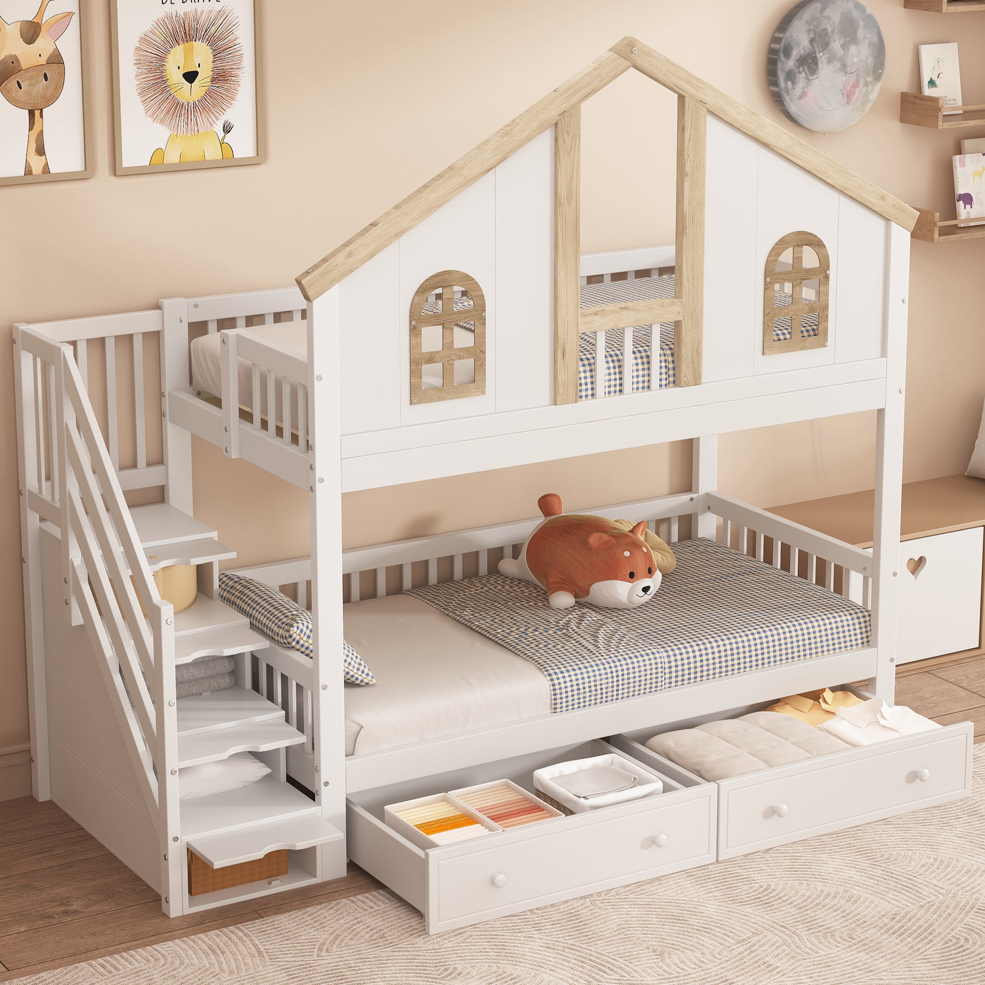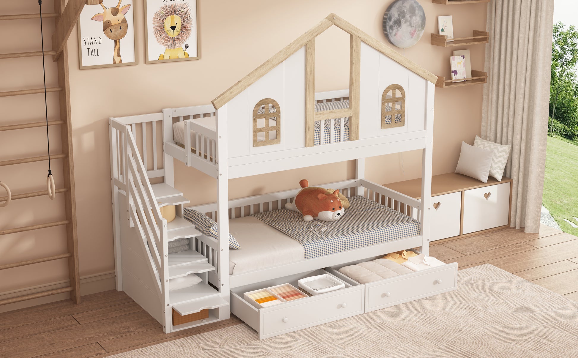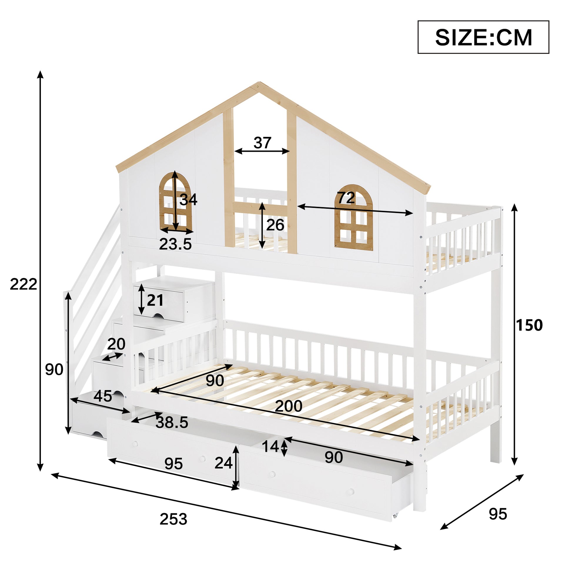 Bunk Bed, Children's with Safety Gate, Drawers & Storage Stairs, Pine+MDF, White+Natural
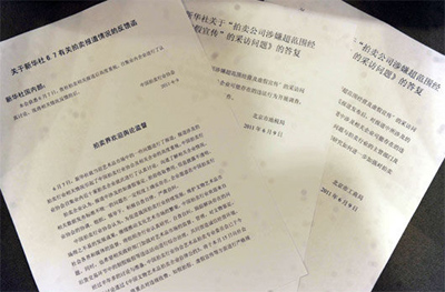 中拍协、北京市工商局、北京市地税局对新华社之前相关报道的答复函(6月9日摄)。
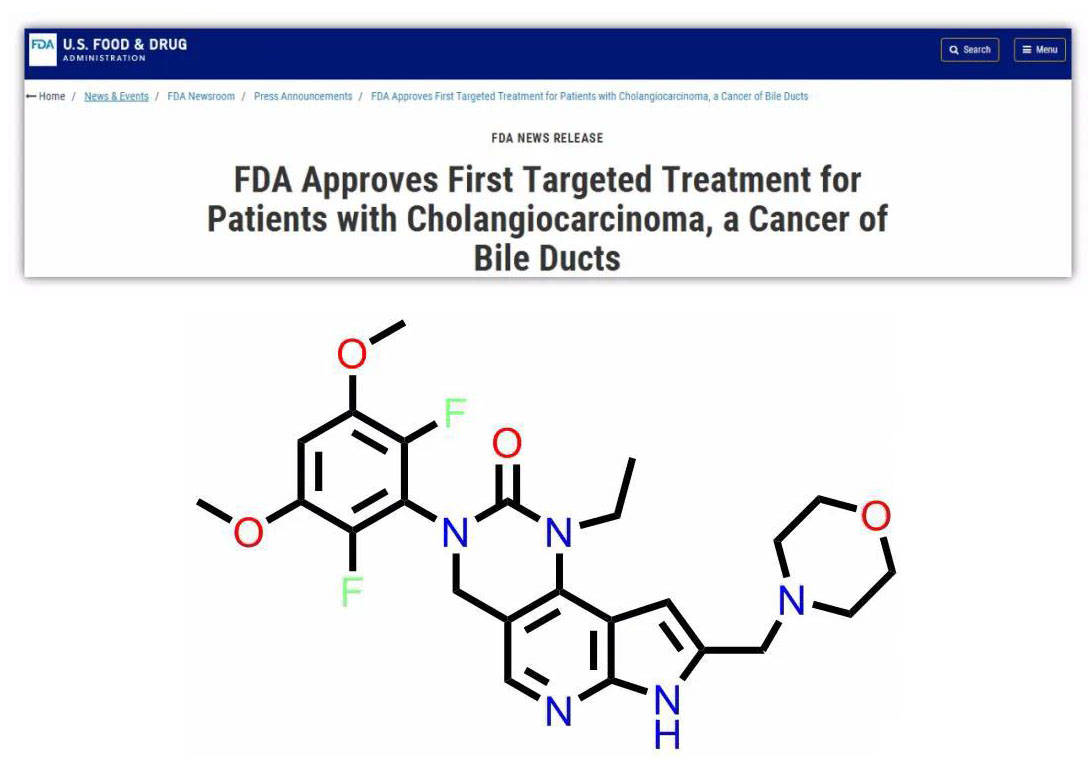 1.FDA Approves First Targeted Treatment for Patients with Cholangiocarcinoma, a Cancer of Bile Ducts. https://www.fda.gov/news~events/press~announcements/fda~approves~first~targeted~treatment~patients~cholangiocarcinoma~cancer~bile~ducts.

==

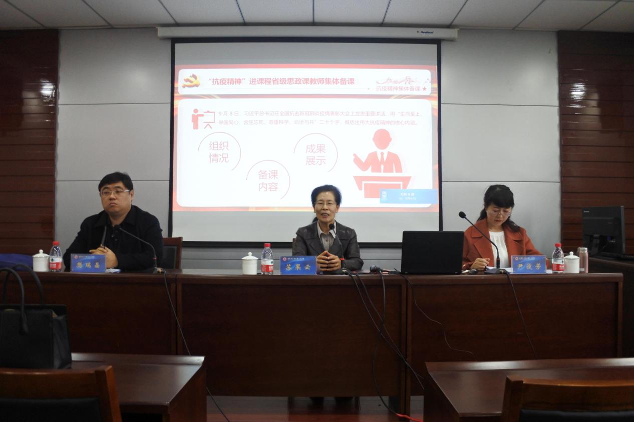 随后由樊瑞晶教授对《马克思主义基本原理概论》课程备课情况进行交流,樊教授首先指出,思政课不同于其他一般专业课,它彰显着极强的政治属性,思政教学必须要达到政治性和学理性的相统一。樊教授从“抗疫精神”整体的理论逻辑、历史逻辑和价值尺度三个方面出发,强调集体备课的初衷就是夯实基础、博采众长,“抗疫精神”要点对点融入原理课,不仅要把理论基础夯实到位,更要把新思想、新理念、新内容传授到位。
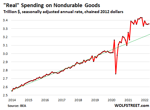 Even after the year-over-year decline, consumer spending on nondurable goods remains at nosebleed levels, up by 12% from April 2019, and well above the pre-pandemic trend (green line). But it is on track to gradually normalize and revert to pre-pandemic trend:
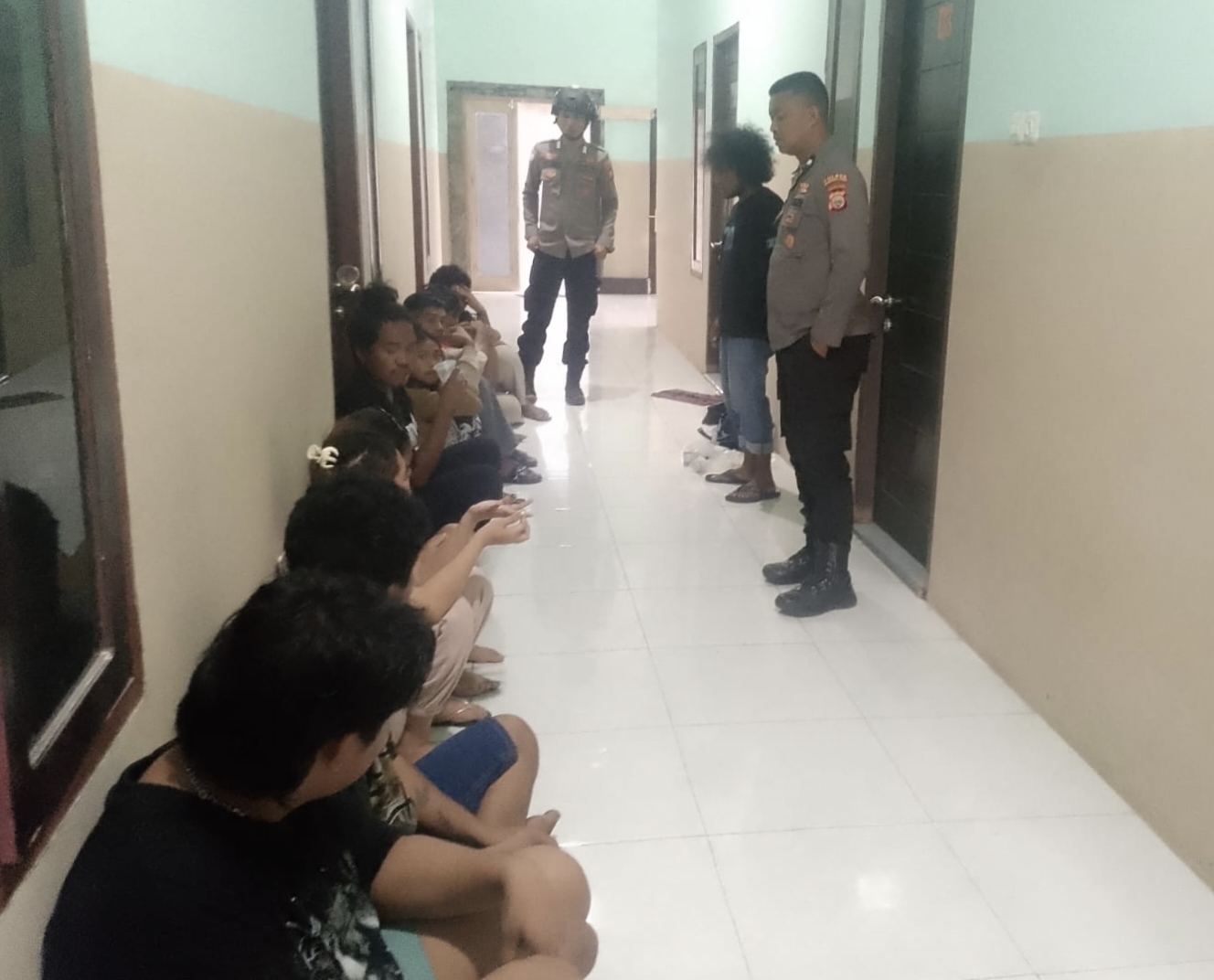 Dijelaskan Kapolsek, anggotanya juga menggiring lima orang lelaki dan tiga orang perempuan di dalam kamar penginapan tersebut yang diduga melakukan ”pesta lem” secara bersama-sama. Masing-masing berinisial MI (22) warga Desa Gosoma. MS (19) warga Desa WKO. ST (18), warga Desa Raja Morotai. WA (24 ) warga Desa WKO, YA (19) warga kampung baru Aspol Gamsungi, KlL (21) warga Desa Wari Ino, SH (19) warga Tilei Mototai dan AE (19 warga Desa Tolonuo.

Task brief. Every line above between the one containing "Bunk Bed, Children's" and the one containing "1.FDA Approves First", those two included, is to be printed exactly. No pictures go into the copy.

Expected answer.
 Bunk Bed, Children's with Safety Gate, Drawers & Storage Stairs, Pine+MDF, White+Natural
 中拍协、北京市工商局、北京市地税局对新华社之前相关报道的答复函(6月9日摄)。
 1.FDA Approves First Targeted Treatment for Patients with Cholangiocarcinoma, a Cancer of Bile Ducts. https://www.fda.gov/news~events/press~announcements/fda~approves~first~targeted~treatment~patients~cholangiocarcinoma~cancer~bile~ducts.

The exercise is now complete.